**Exercise brief**.
Would you retype the line that contains "Sistemul de canalizare" and all lines following it to the end of the entries below, exactly and without pictures?

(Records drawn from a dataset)
============================================================
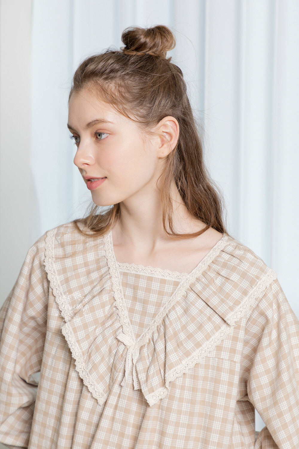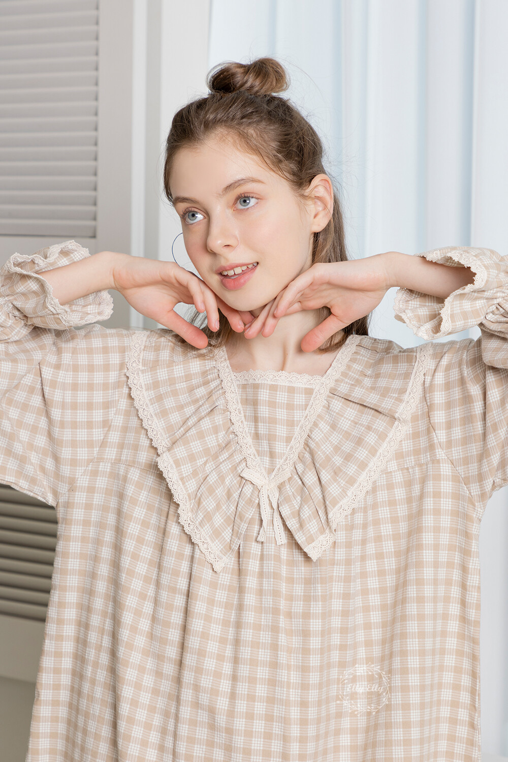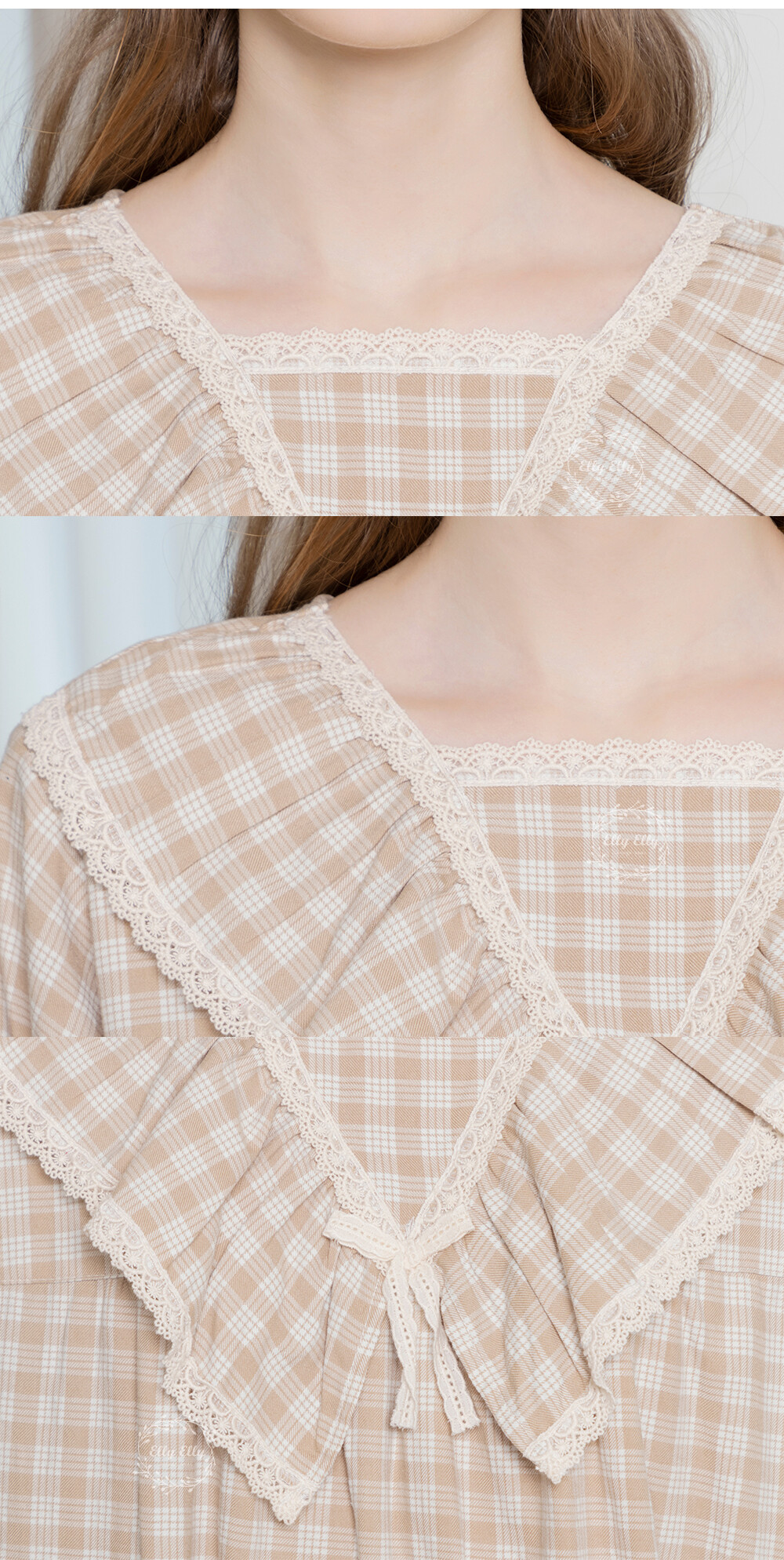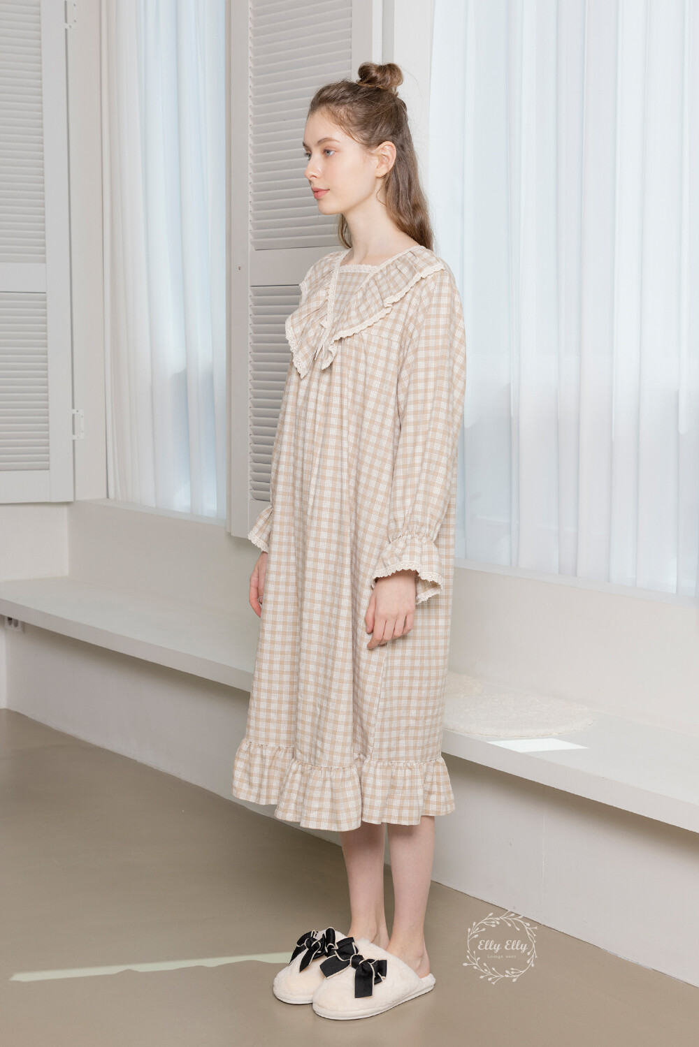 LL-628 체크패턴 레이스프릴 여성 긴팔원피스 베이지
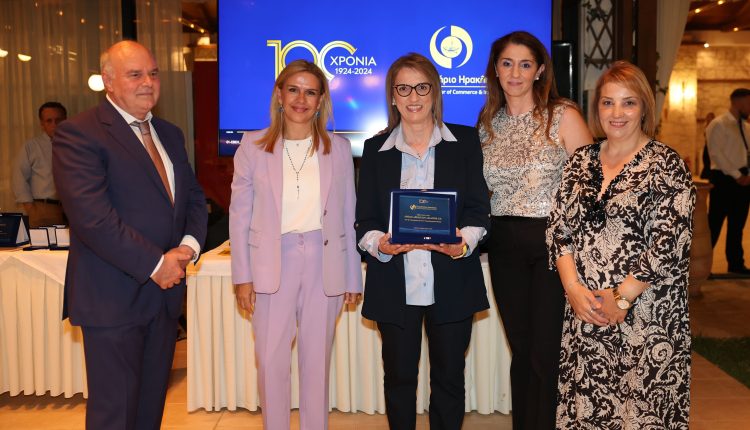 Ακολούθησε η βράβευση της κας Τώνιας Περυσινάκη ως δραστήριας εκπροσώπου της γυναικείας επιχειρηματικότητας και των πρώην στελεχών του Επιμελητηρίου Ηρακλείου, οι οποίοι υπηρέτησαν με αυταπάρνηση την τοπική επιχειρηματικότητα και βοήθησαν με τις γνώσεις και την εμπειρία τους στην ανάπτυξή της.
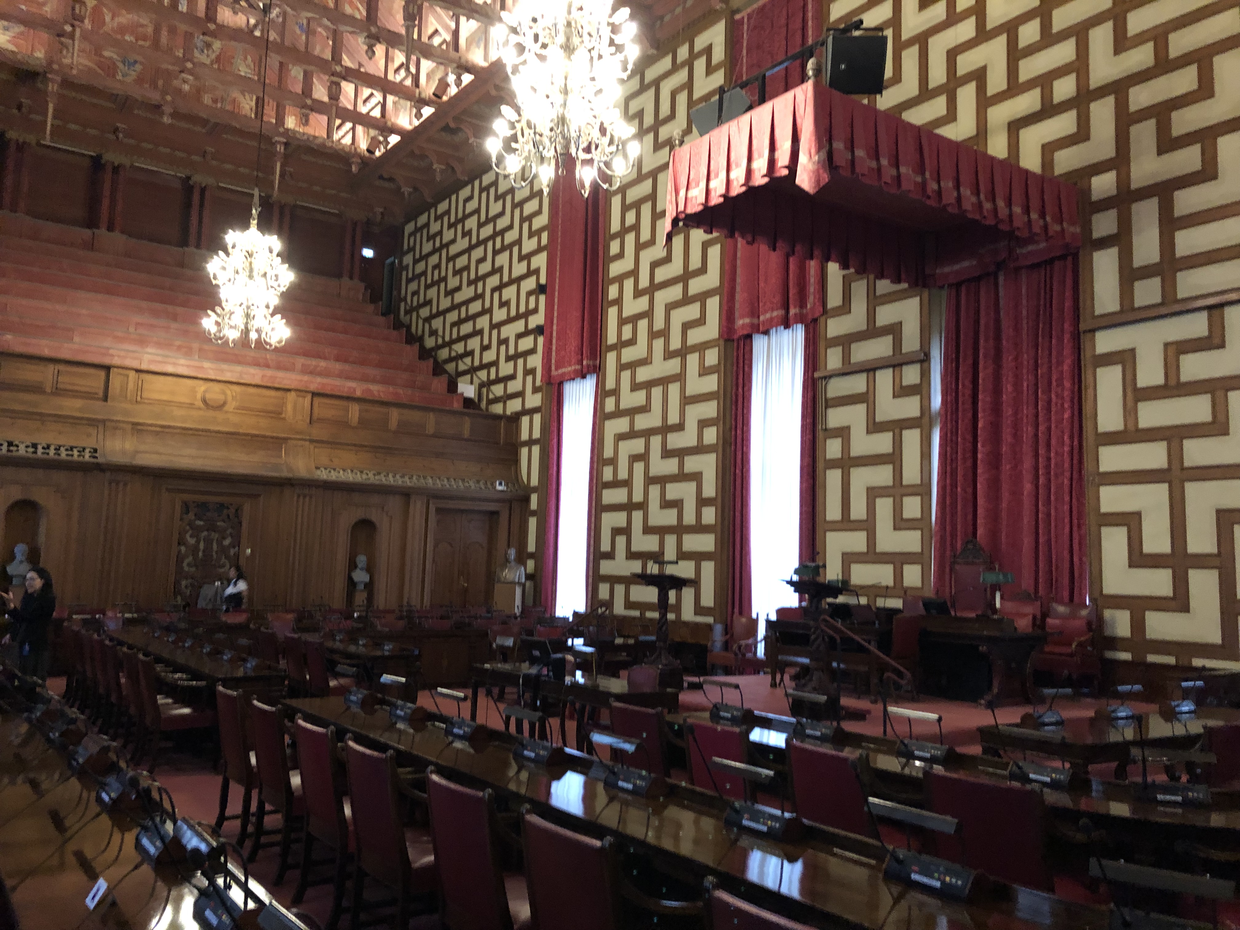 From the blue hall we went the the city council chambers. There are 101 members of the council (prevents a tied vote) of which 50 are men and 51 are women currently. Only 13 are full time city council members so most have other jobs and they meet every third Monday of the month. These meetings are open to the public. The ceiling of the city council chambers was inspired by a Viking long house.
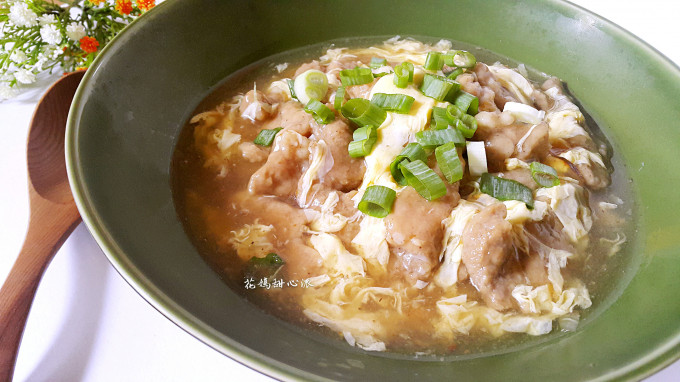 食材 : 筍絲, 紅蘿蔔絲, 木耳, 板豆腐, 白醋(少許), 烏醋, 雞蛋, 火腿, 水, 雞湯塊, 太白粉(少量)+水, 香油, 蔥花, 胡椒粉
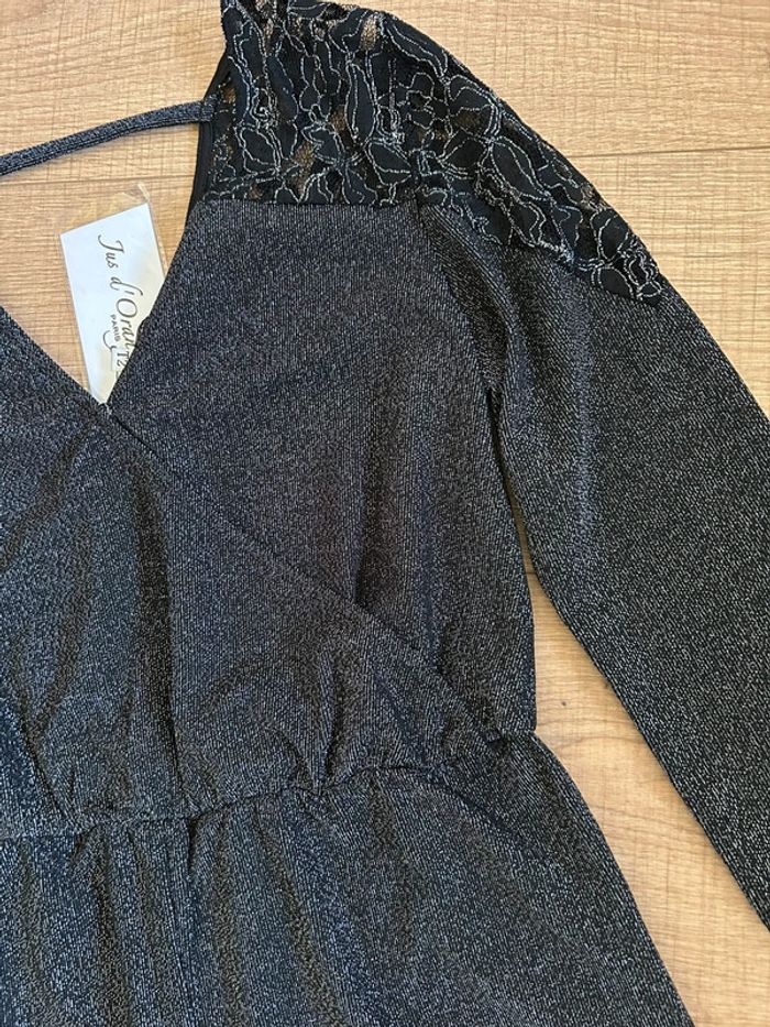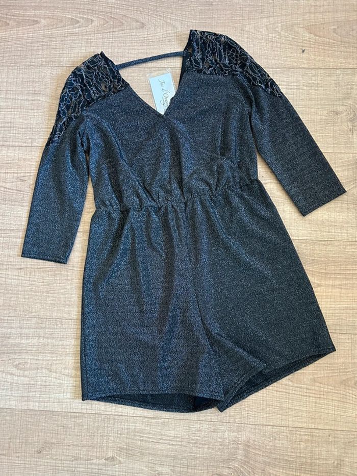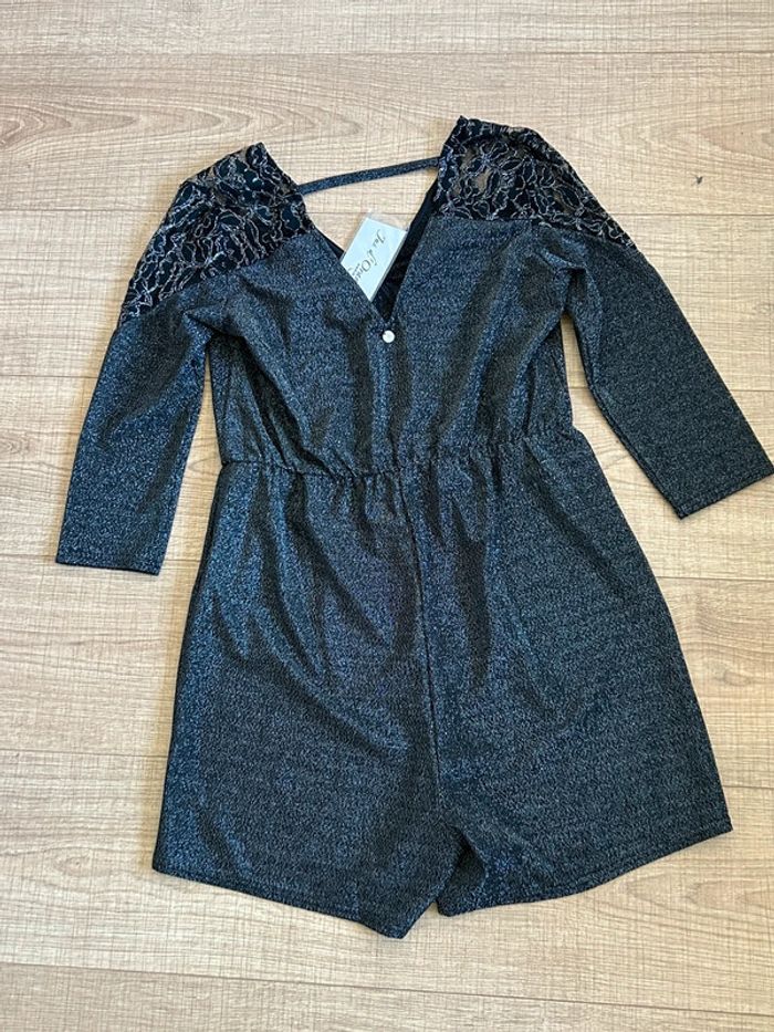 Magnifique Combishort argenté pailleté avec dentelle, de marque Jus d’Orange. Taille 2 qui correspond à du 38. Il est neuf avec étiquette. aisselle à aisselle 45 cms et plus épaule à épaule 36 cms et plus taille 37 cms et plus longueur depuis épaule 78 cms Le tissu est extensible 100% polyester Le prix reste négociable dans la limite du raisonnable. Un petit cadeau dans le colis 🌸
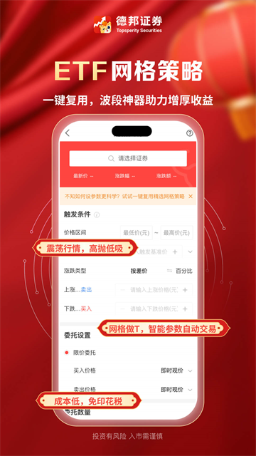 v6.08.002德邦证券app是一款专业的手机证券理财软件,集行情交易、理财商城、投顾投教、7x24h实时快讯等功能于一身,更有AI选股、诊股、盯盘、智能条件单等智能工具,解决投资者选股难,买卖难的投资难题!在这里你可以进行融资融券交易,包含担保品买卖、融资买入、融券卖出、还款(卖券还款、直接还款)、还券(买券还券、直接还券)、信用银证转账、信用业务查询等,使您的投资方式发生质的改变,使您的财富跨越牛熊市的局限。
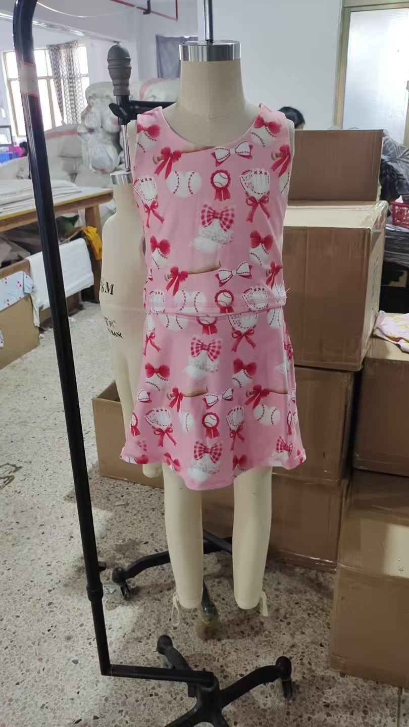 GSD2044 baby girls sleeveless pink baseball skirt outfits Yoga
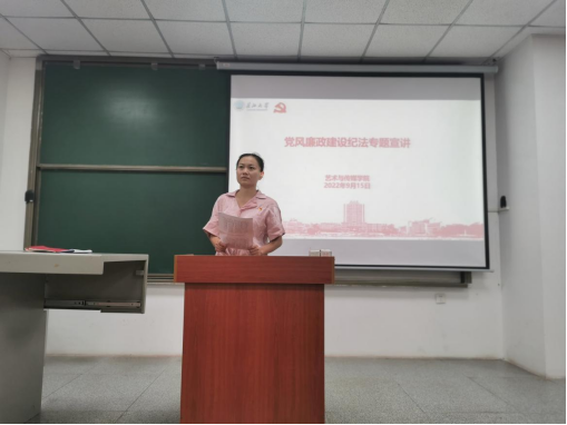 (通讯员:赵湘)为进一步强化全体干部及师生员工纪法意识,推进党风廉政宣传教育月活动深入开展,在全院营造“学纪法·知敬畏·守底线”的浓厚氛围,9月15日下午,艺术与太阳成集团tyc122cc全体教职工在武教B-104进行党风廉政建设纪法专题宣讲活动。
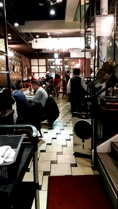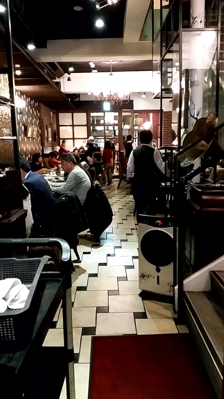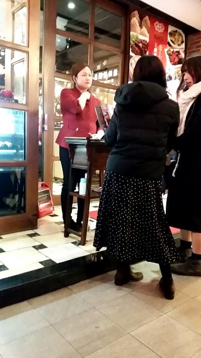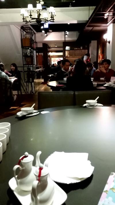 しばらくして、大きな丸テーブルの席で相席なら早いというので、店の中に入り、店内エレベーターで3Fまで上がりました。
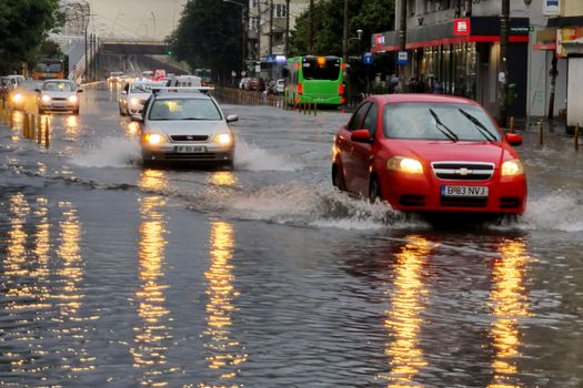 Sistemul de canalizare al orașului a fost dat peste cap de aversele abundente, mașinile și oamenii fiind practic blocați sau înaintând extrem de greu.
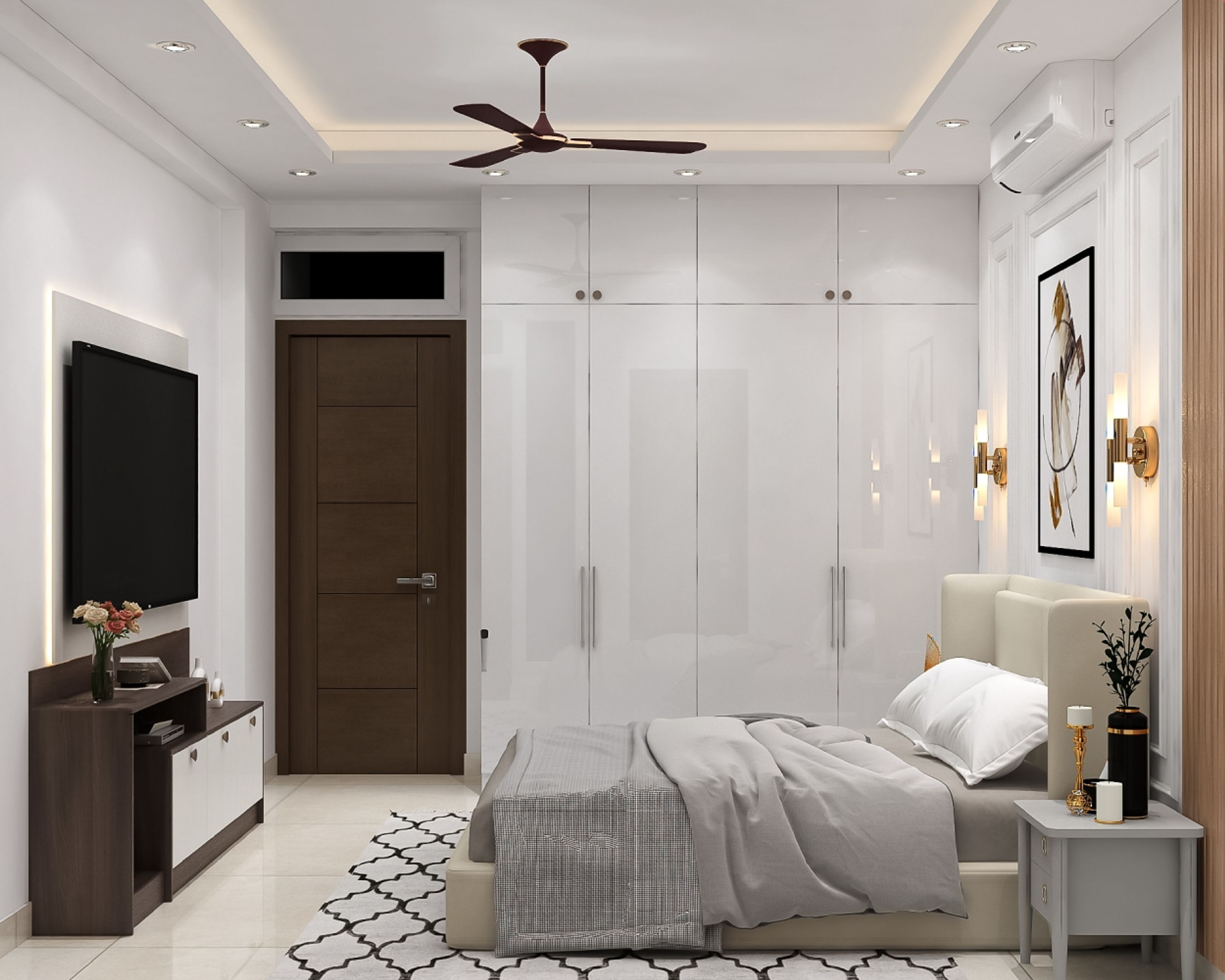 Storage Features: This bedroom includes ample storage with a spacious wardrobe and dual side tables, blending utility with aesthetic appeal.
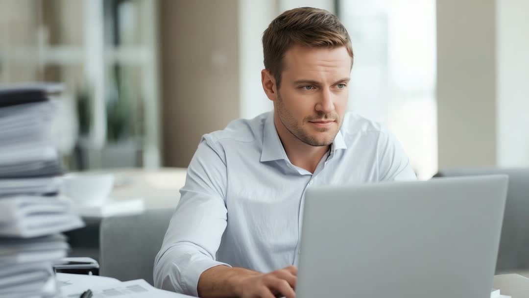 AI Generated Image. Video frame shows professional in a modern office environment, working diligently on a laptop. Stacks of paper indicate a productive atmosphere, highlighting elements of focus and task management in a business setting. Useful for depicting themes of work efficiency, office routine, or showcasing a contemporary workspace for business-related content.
============================================================
**Expected output**.
 Sistemul de canalizare al orașului a fost dat peste cap de aversele abundente, mașinile și oamenii fiind practic blocați sau înaintând extrem de greu.
 Storage Features: This bedroom includes ample storage with a spacious wardrobe and dual side tables, blending utility with aesthetic appeal.
 AI Generated Image. Video frame shows professional in a modern office environment, working diligently on a laptop. Stacks of paper indicate a productive atmosphere, highlighting elements of focus and task management in a business setting. Useful for depicting themes of work efficiency, office routine, or showcasing a contemporary workspace for business-related content.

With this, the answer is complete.